The other irritation is nurses all want to be doctors. No we don't. Most nurses love the fact that when their shift is done they can go home. No one calls you at home at three am either. Nurses love the fact that they get to have a real relationship with their patient. Doctors have so many patients it's a wonder they can remember any of them.

Nurses are just like the rest of the world..kinda slutty sometimes, kinda saintly other times.

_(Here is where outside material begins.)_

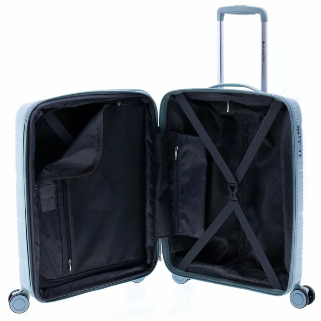 - Ausstattung: Wäschefach, Reißverschlussfach, Kreuzpackgurt, Dehnfalte, arretierbarer Griff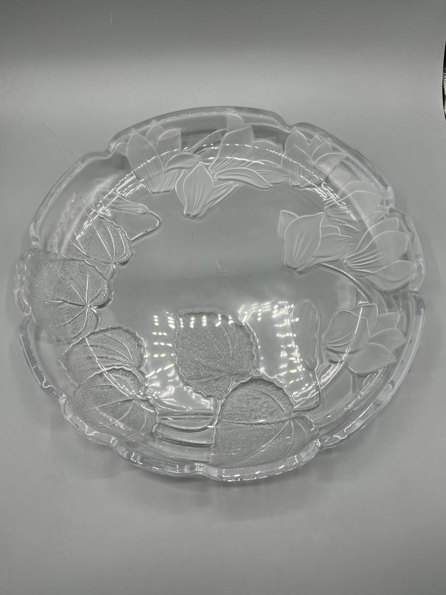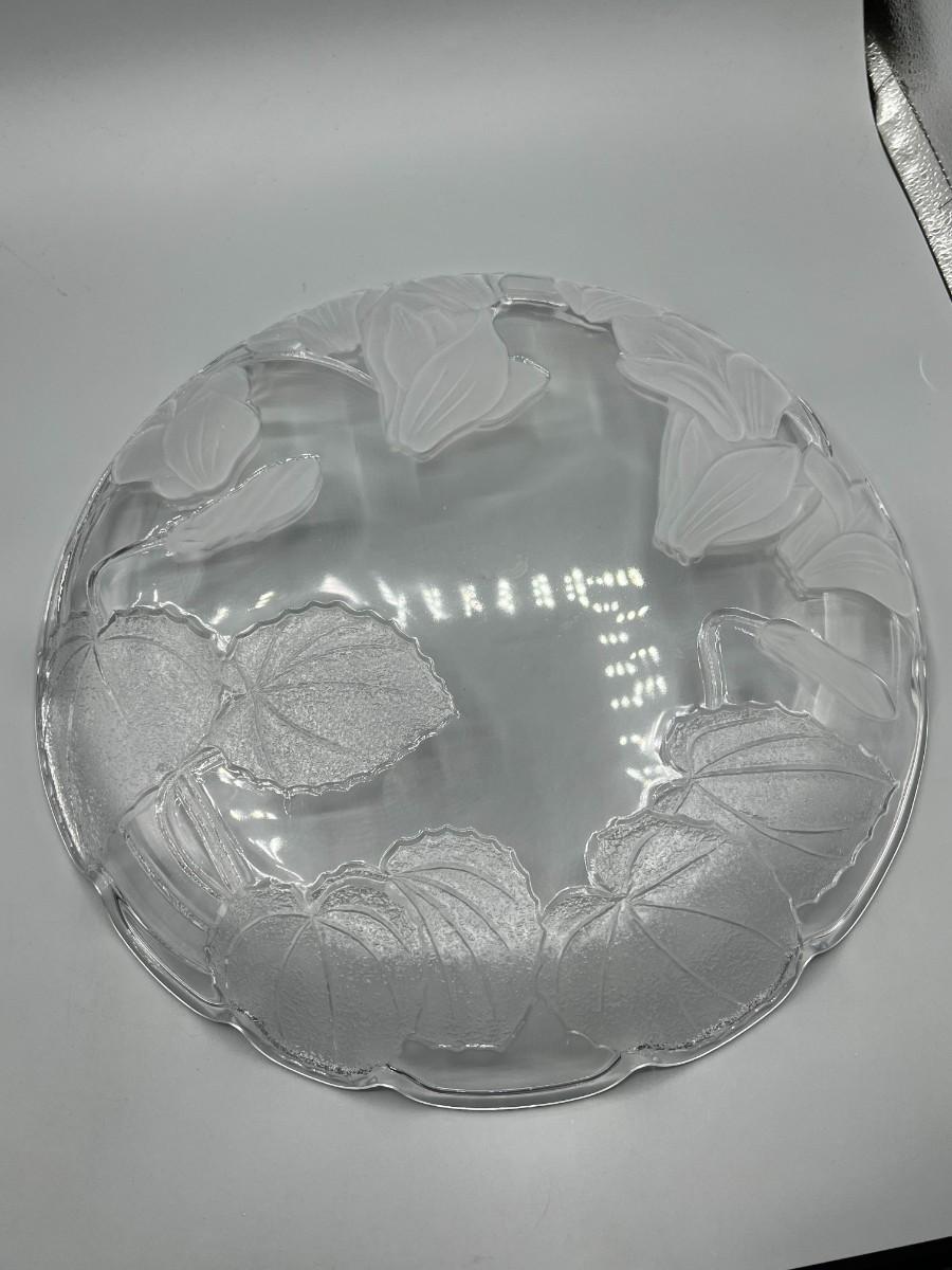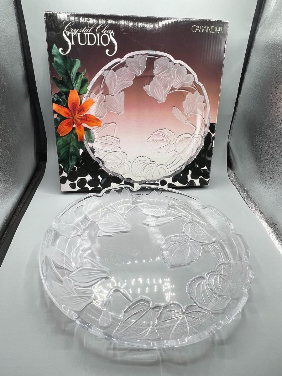 Vintage Crystal Clear Studios Casandra Glass Serving Platter Dish with Original Box, there is no significant damage to the plate and is in good useable condition. Check pictures for more details and for sizing.

There is a weird thing that happens in hospitals sometimes that I have never quite figured out how to deal with. Sometimes you will walk in and a patient will be masturbating or their wife or girlfriend will be offering" aid". I understand that people don't lose their sexuality just because they become patients but part of me always says "holy shit" and I am embarrassed. I become all weirdly conservative and pissy. I wish I could just stop being so priggish and leave them be instead of going all nurse and behaving like my patient is being assaulted by a stranger. When they are masturbating alone I feel creeped out.. I know they are as embarrassed as I am but I feel judgmental like Dear Abby " all there is a time and a place for that" but what better time and place? You feel sick, you have pain wouldn't an orgasm be a good thing? Endorphins release and you feel happier painfree..maybe we should encourage masturbation..give a prescription....

Why are we such prudes about the whole thing?

As nurses we have seen a million penises, peni? vaginas, we understand all about sex and needs and how beneficial a healthy sexual relationship can be..I need to stop being so weird and think about how happy it makes my patients and happy patients are easy to care for..that makes my job easier..right?